Information shown:
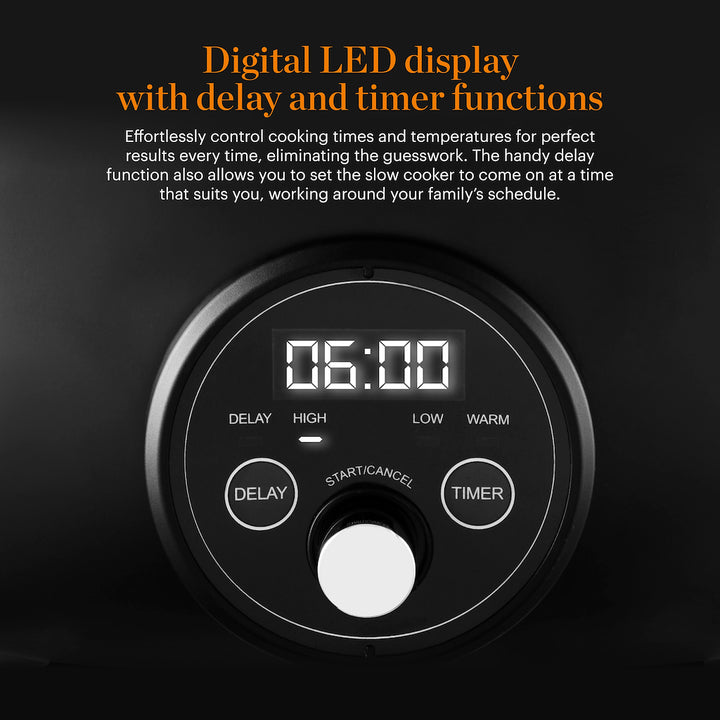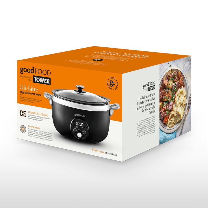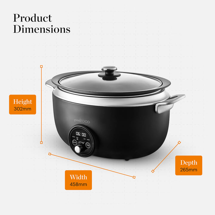 Get the most out of your kitchen with this 6.5L Slow Cooker from Good Food. Specially designed to be used with the vast Good Food recipe library, it is perfect for budding chefs who want to test their skills and creating family sized portions. The removable aluminium pot allows for easy serving and lets you brown off food on the hob prior to cooking to create more flavoursome meals. You can create full family meals thanks to the 6.5L capacity, whilst the tempered glass lid helps to lock in moisture and nutrients for meals that are packed full of flavour, whilst you can also monitor the cooking process without having to take off the lid. Cool touch handles provide added safety, whilst the LED Digital display makes it simple to cycle through the high, low and keep warm functions for seamless and efficient use.
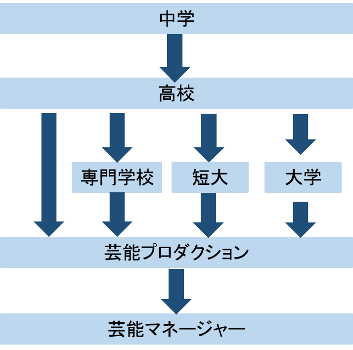 基本的には、学歴よりも人柄(ひとがら)、エンターテインメントが好きで、芸能界で働きたいという熱意、体力、行動力などが重視されています。
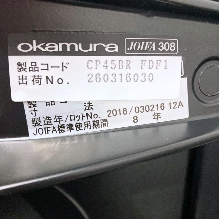 オカムラ バロンチェアシリーズ オフィスシーティング[デザイインアーム] CP45BR FDF1 ハイバック 2016年製 中古
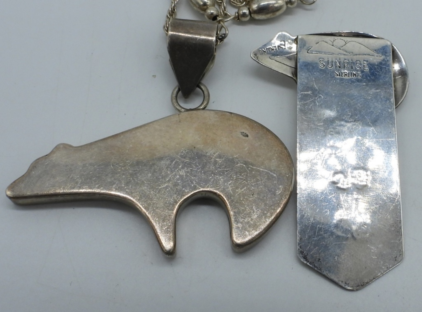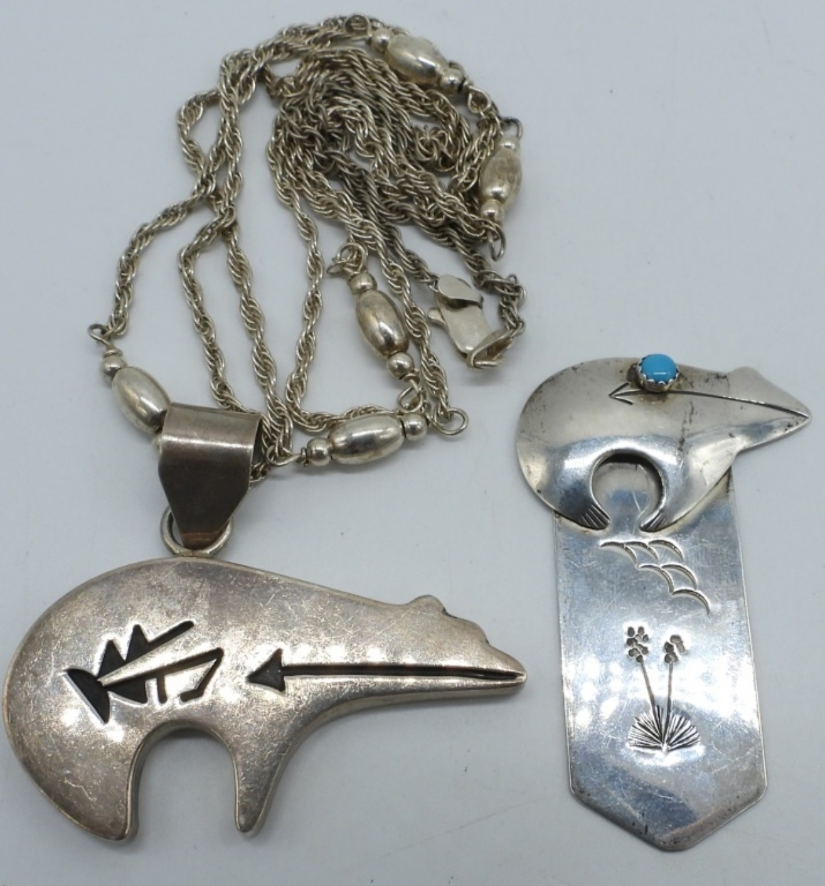 Zuni Bear, Sterling pendant on a 32″ chain. Pendant is 2″ long. Sterling Zuni bear bookmark, 2″ long. (21.5 dwt)

The task:
For the material above, repeat each line exactly and leave out the pictures.

Result below:
 Get the most out of your kitchen with this 6.5L Slow Cooker from Good Food. Specially designed to be used with the vast Good Food recipe library, it is perfect for budding chefs who want to test their skills and creating family sized portions. The removable aluminium pot allows for easy serving and lets you brown off food on the hob prior to cooking to create more flavoursome meals. You can create full family meals thanks to the 6.5L capacity, whilst the tempered glass lid helps to lock in moisture and nutrients for meals that are packed full of flavour, whilst you can also monitor the cooking process without having to take off the lid. Cool touch handles provide added safety, whilst the LED Digital display makes it simple to cycle through the high, low and keep warm functions for seamless and efficient use.
 基本的には、学歴よりも人柄(ひとがら)、エンターテインメントが好きで、芸能界で働きたいという熱意、体力、行動力などが重視されています。
 オカムラ バロンチェアシリーズ オフィスシーティング[デザイインアーム] CP45BR FDF1 ハイバック 2016年製 中古
 Zuni Bear, Sterling pendant on a 32″ chain. Pendant is 2″ long. Sterling Zuni bear bookmark, 2″ long. (21.5 dwt)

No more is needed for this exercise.